Sounds like your path is screwed up. At the CMD prompt enter this.

echo %PATH%

Paste that info here.


----------



## DoubleHelix (Dec 10, 2004)

Are you running Windows XP Home or Pro? TASKKILL is not included with Home.


----------



## Squashman (Apr 4, 2003)

DoubleHelix said:


> Are you running Windows XP Home or Pro? TASKKILL is not included with Home.


Wow, I did not know that. Well there is a substitute for everything. You can download PSKILL from Sysinternals. I recommend downloading the entire PSTOOLS set because alot of them come in handy. But you can just download the individual tools.

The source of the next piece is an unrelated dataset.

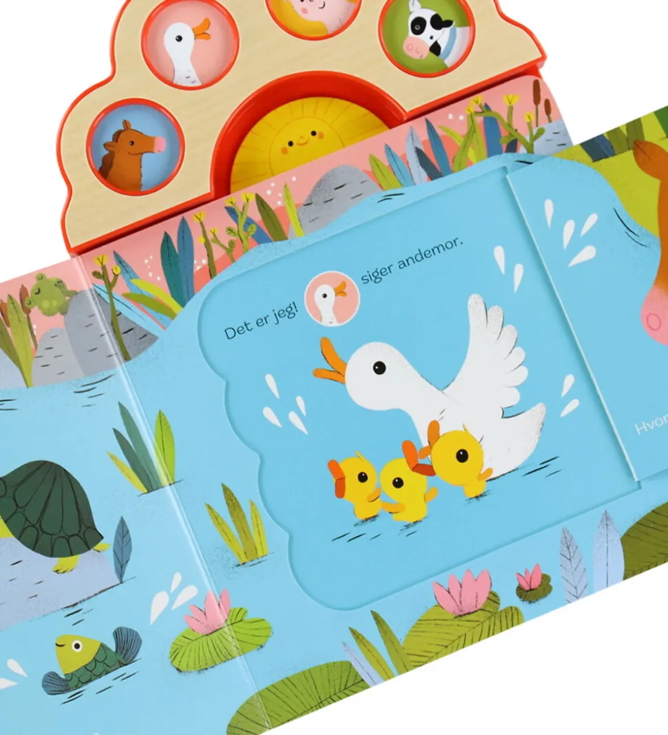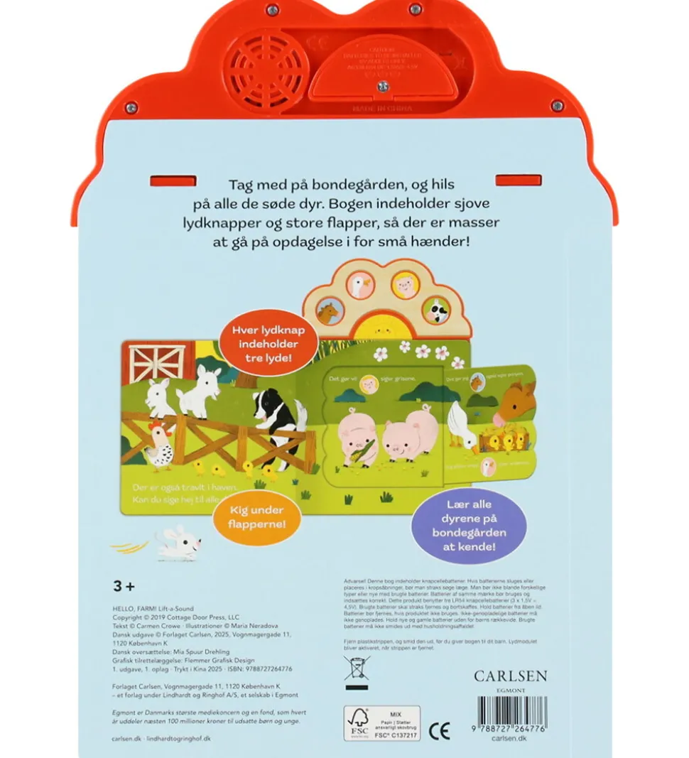 Underholdende Forlaget Carlsen bog med titlen “Bondegård med lyd”. Bogen handler om dyrene der hører til på bondegården. Bogen indeholder lydknapper og store flapper, som gør læseoplevelsen ekstra underholdene. Bogen har kratige sider.
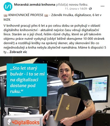 Začátkem letošního roku jsme v Moravské zemské knihovně pro své čtenáře a naše sledující na sociálních sítích Facebook a Instagram spustili nový seriál s názvem „Knihovnické profese“. Na počátku projektu byla myšlenka seznámit čtenáře s pestrou škálou zaměstnanců rozmanitých a zajímavých profesí, kteří pracují v útrobách knihoven, které navštěvují. Ano, čtenáři se setkávají běžně se zaměstnanci ve studovnách nebo na výpůjčním oddělení, ale do jaké míry mají povědomí o těch dalších typicky knihovnických profesích, které zůstávají skryty před jejich zraky, ale jsou současně nezbytné pro správné fungování knihovního soukolí? Čím se například zabývá akvizice, mapový kurátor, lidé na oddělení adjustace, jakou práci odvádí oddělení katalogizace nebo co zajímavého může o své práci říci kolegyně z revize fondů, knižní restaurátor nebo rešeršistka? To vše bylo pomyslnou hozenou rukavicí, kterou se oddělení komunikace rozhodlo zvednout a která dala za vznik pravidelnému čtvrtečnímu seriálu. A jakou má seriál podobu?

http://www.sysinternals.com/Utilities/PsTools.html


----------



## Squashman (Apr 4, 2003)

Did a little more searching on the net. There is a utility on XP Home and Pro called TSKILL that has similar functionality. But alot of people have posted TASKKILL for download if you really want to use that.


----------



## Bytestream (Oct 10, 2005)

how do you end a program such as internet explorer with the address 
google.com?

it must end only the eplorer with the google argument.


----------



## Squashman (Apr 4, 2003)

Open up Task Manger, Hightlight the task and end the task.

ctrl + Shift + esc


----------



## brendandonhu (Jul 8, 2002)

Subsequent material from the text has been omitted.